# howd everyone do on the opener????



## josh69att (Jan 30, 2009)

Wanted to know how everyone made out between the rain today. my little brother and i wound up with alot of small ones, seen a few steelhead and caught a few nasty suckers. had to fish between storms. but when it wasnt wet it was great wheather. probably would have caught more but tried a new spawn cure tecnique and ruined it. so most the time i was using worms. if anyone has some fresh spawn i could really use some. ran into old man chamberland while i was up there also. he gave me some good ideas on how to get it to keep better, that id like to try.
so lets see how you did.
just general areas if you would like to share where. please.


----------



## jmckeon (Feb 21, 2009)

my dad his buddy and his buddys kid all went out near tawas yesterday morning for the opener they all ended up with there limit on browns they really caught some nice fish said they limited out in about 3 hours


----------



## TroutSeeker71 (Mar 24, 2008)

Au Sable feeder streams on Saturday morning gave up some real nice brookies, Pine River near Glennie yielded only a couple.

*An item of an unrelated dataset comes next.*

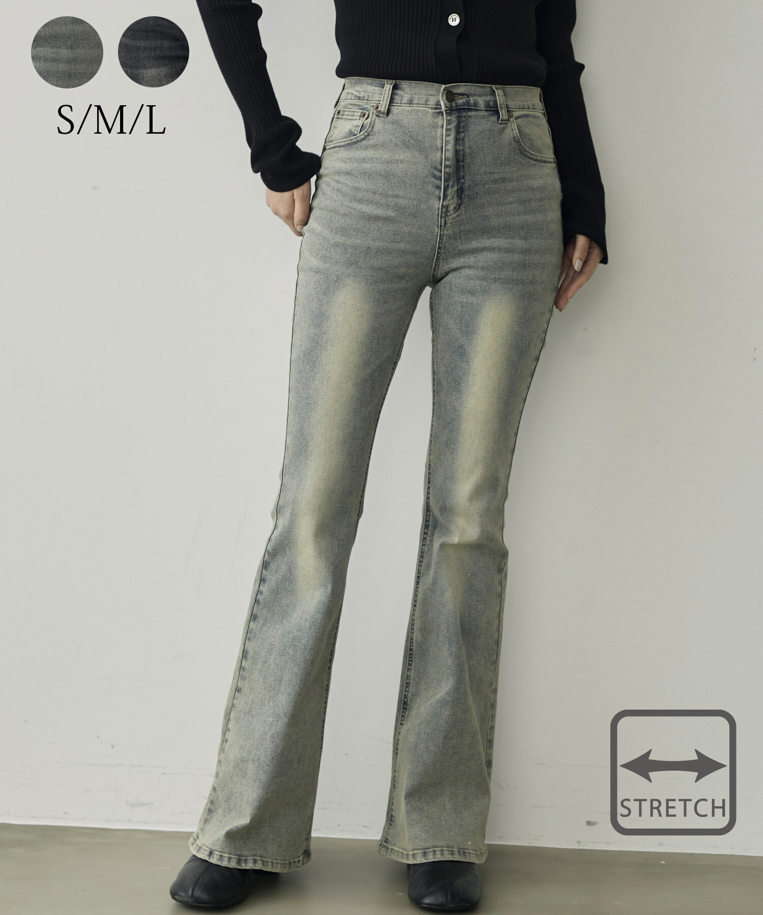 \20%OFFクーポン利用で2376円/【SALE 3299円→2969円】ハイウエストストレッチフレアデニムパンツ デニムパンツ レディース フレアパンツ デニム フレア ボトムス ボトム 美脚 脚長効果 ストレッチ 伸縮性 かわいい おしゃれ 春 夏 秋 冬 ジーンズ WEGO

The weather change really shut down the bite for us. Feeder streams were running high and dirty. Overall I would rate this opener a 3 out of 10. :sad:


----------



## Adam Peterson (Mar 20, 2006)

One 22" brown for us, rolled a couple others but no hook ups!


----------



## ScoutII (Feb 18, 2009)

went out friday on the manistee, beautiful day, we didnt catch anything, didnt talk to anybody that was either.. Saturday hit the AuSauble , threw streamers between rain showers did nothing... maybe we just suck at it.. but Things seemed to be a little off...


----------



## ready4pullback (Jun 9, 2008)

ughh... bad opener. One 5" brookie and a 8-9" Brown. Nice to be fishin though.


----------



## Adam Peterson (Mar 20, 2006)

scout where on the Au Sable did you fish? We floated below mio in the morning!


----------



## ScoutII (Feb 18, 2009)

I was up closer to Roscommon, I did go out yesterday on the Main and caught a couple of browns, nothing big.. but they were fish on dry flies..


----------



## Pike Eyes (Jul 9, 2008)

Caught a 10 3/4 in brookie a couple small browns. The rain just wouldn't stop. But enjoyed the comraderie just the same.


----------



## DHise (Jun 2, 2008)

Drinking was great. Had several 9.2% Dogfish Heads and Breckenridge Breweries Small 471 Bathc. MMMMMMMMM! I dont fish on the opener- too many people.


----------



## Bull Market (Mar 12, 2005)

Went to Lovells for their annual trout fishing celebration. They had some great historical displays and great line-up of speakers. Later that afternoon, made my annual trek over to Deward on MR to visit my roots from 40 years ago. No hatching or rising activity, so I fished soft hackles and managed a few small brookies.


----------